Chinese with code but replace code tokens with synonyms (e.g., def vs. define) → see if language shift weakens.

Run each through the model and record the output language. This isolates the effect of code vocabulary.

Step 7: Map the Embedding Geometry

Build a small 2D PCA projection of token embeddings from all your prompts. Color points by language (Chinese, Korean, code tokens). Observe clusters. You should see an overlapping region where code tokens reside—if that region is closer to the Korean cluster than to the Chinese cluster, the model’s representation is biased.

Step 8: Hypothesis Verification

Based on your analysis, formulate a hypothesis (e.g., “Code tokens in Chinese prompt pull the embedding space toward Korean because the model was fine‑tuned on parallel code‑Korean data”). Test it by checking the training data documentation or by probing with specific token pairs. If possible, repeat the experiment with a different model (e.g., Codex vs. GPT‑4).

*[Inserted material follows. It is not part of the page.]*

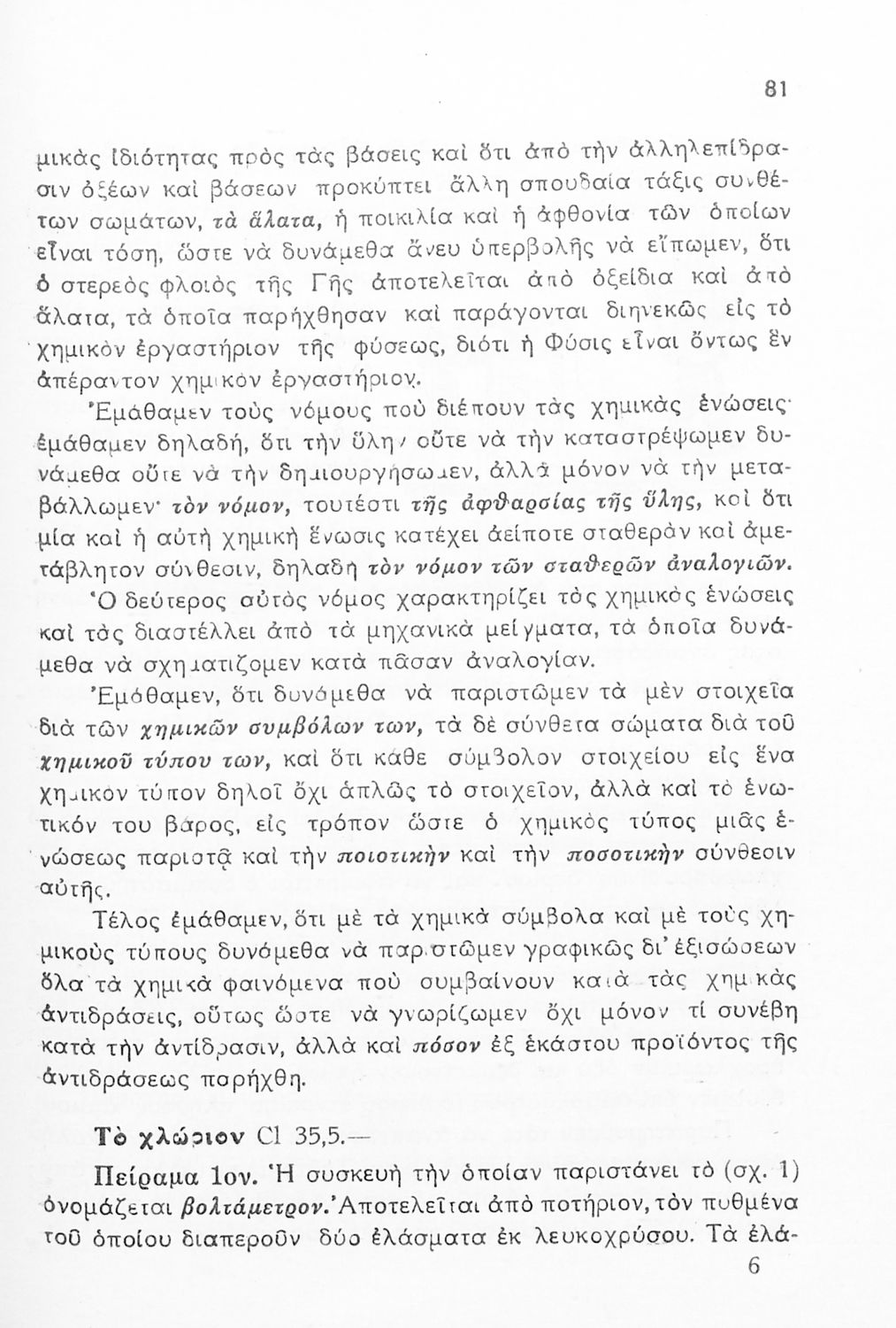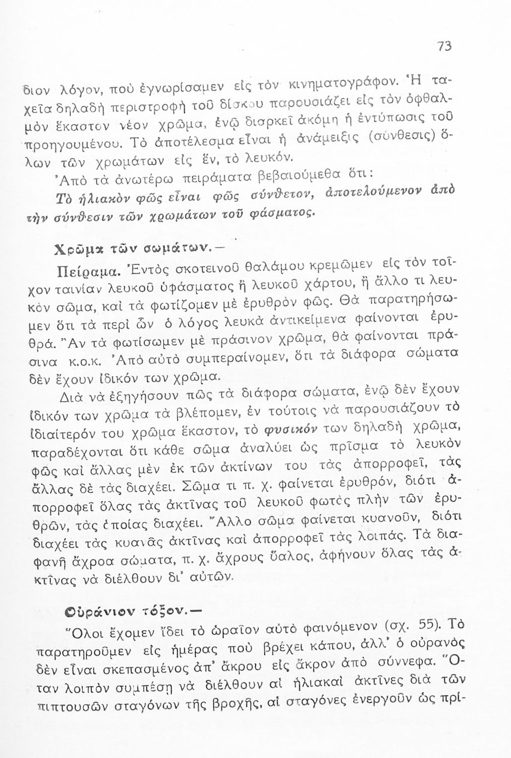 Το σύγγραμμα ήταν σχολικό εγχειρίδιο για το μάθημα της Φυσικής στο Γυμνάσιο . Παρέχει βασικές γνώσεις της φυσικής επιστήμης και της χημείας. Αναλύει τις ιδιότητες των σωμάτων, καθώς και της θερμότητας, του ...

Step 9: Document and Share Findings

Write a brief report summarizing your method, visualizations, and conclusions. Include code snippets and embedding plots. Share with the NLP community—this helps improve multilingual model design.

Tips for a Successful Investigation

Use a debug environment – Run experiments in a Jupyter notebook to iterate quickly and keep all results in one place.
Control for randomness – Set manual seeds (torch.manual_seed(42)) to ensure reproducibility.
Compare with a baseline – Always run a pure Chinese prompt without code to see the expected output language.
Look out for tokenizer artifacts – Some tokenizers split Chinese into byte‑pair encoding (BPE) pieces differently than Korean; note how token IDs differ.
Visualize early and often – Plot embeddings in 2D/3D to spot clusters that raw numbers might hide.
Check model card – The Hugging Face model card often lists training languages and data sources that explain biases.
Try different code languages – Python, JavaScript, and SQL may have different embedding neighborhoods.
Keep a log – Record every prompt, output, and similarity score to track patterns.

By following these steps, you can turn a strange quirk into a clear lesson about how embedding spaces encode multilingual relationships. The investigation not only explains why your coding assistant replied in Korean—it also reveals fundamental properties of modern language models.